=== WHAT THE EXERCISE ASKS ===
Below are records with pictures; copy word for word only the lines between the line with "Квадратный трап для" and the line with "ファンタジー風あだ名 | 『エターナルミヤウラコウタロウー』 |", inclusive, and drop the pictures.

=== PROVIDED RECORDS ===
──────────────────────────────

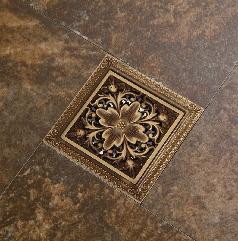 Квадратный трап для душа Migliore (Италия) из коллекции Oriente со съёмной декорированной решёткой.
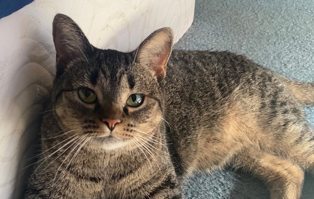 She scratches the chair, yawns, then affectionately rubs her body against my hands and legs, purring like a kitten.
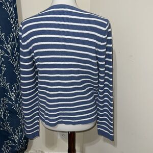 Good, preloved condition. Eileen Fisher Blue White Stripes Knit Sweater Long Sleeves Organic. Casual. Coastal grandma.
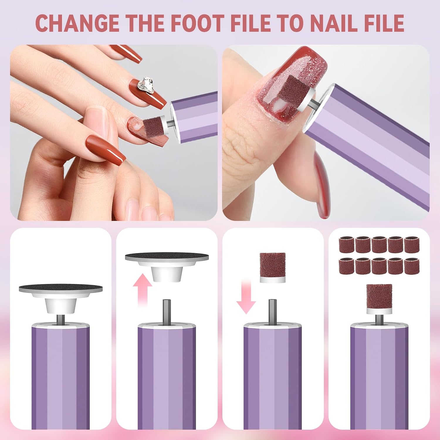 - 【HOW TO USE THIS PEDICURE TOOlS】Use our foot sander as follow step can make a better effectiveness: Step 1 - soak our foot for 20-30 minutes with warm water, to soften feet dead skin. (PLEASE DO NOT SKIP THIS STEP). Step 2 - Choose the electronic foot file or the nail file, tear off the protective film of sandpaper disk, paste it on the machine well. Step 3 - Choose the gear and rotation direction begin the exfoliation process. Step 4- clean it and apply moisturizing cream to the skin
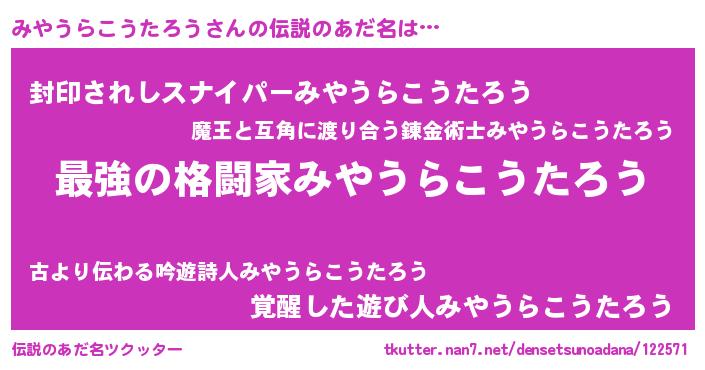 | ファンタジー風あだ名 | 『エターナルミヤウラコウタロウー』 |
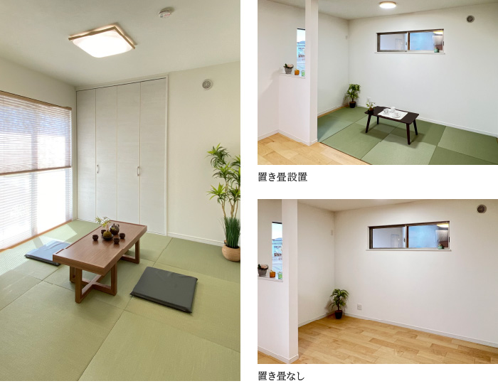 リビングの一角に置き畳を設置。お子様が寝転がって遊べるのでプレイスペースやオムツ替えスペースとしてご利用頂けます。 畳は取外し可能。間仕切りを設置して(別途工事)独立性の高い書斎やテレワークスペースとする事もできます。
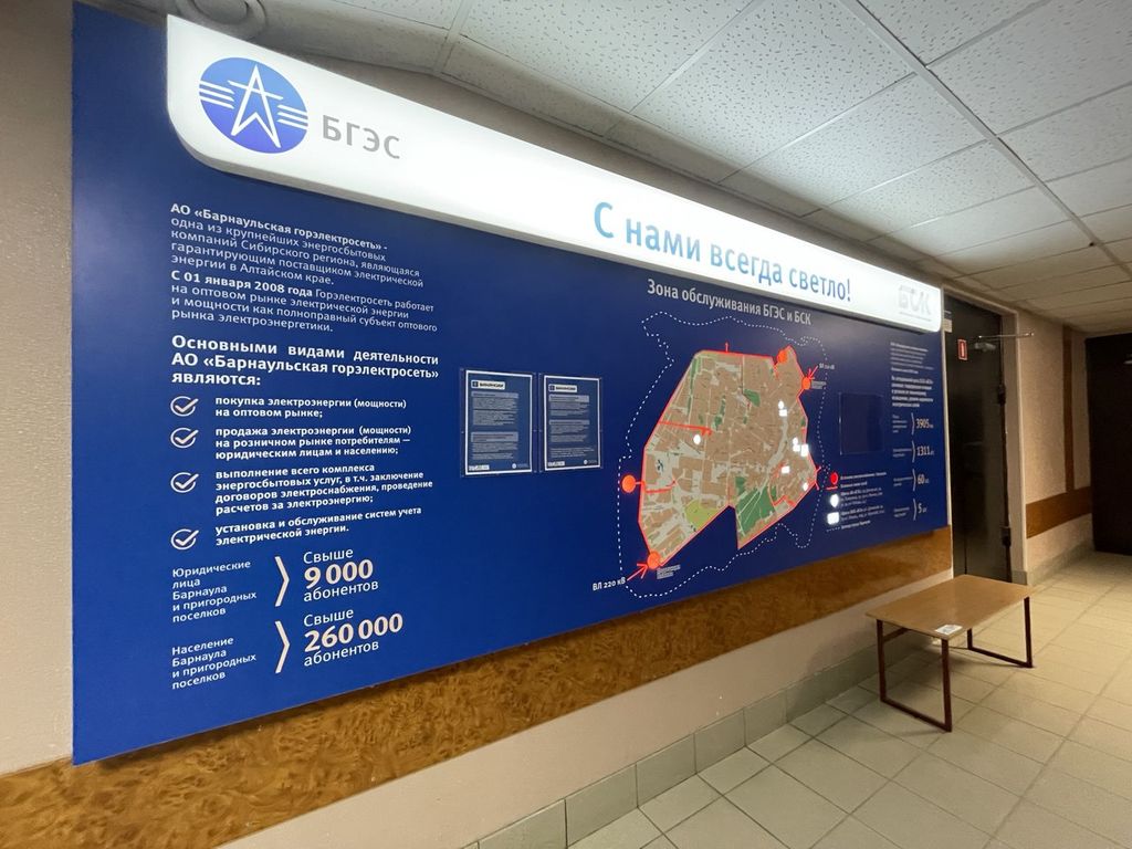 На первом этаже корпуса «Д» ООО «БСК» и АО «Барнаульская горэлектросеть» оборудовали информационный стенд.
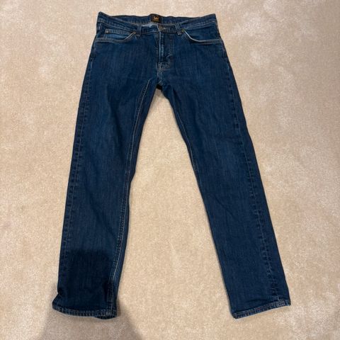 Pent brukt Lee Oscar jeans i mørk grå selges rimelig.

──────────────────────────────

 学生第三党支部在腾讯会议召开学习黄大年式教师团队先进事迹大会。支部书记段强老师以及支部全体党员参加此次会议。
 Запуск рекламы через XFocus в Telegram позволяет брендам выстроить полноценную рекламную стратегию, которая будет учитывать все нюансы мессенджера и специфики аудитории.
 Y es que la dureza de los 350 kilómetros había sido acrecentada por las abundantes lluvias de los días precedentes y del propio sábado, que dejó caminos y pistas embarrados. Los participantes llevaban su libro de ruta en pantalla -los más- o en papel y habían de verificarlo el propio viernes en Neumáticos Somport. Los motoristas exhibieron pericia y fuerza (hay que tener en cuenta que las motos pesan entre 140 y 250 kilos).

──────────────────────────────

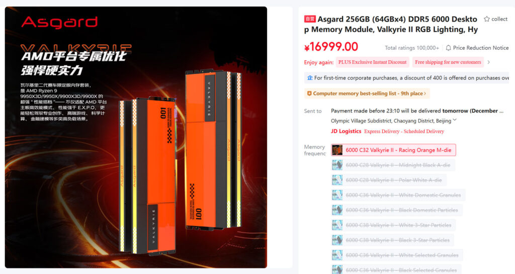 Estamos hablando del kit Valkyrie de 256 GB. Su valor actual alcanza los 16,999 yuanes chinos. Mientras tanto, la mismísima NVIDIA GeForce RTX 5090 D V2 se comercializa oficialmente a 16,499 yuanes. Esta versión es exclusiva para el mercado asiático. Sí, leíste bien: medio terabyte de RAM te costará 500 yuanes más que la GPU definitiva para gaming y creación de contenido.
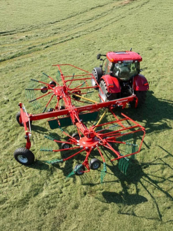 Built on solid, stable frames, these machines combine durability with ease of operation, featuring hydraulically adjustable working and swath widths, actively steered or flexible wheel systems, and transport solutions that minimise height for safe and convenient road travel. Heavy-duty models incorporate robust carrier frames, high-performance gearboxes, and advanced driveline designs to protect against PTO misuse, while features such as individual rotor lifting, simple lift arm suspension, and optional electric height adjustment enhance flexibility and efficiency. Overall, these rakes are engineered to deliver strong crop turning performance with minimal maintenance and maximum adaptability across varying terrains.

──────────────────────────────

=== RESPONSE ===
 Квадратный трап для душа Migliore (Италия) из коллекции Oriente со съёмной декорированной решёткой.
 She scratches the chair, yawns, then affectionately rubs her body against my hands and legs, purring like a kitten.
 Good, preloved condition. Eileen Fisher Blue White Stripes Knit Sweater Long Sleeves Organic. Casual. Coastal grandma.
 - 【HOW TO USE THIS PEDICURE TOOlS】Use our foot sander as follow step can make a better effectiveness: Step 1 - soak our foot for 20-30 minutes with warm water, to soften feet dead skin. (PLEASE DO NOT SKIP THIS STEP). Step 2 - Choose the electronic foot file or the nail file, tear off the protective film of sandpaper disk, paste it on the machine well. Step 3 - Choose the gear and rotation direction begin the exfoliation process. Step 4- clean it and apply moisturizing cream to the skin
 | ファンタジー風あだ名 | 『エターナルミヤウラコウタロウー』 |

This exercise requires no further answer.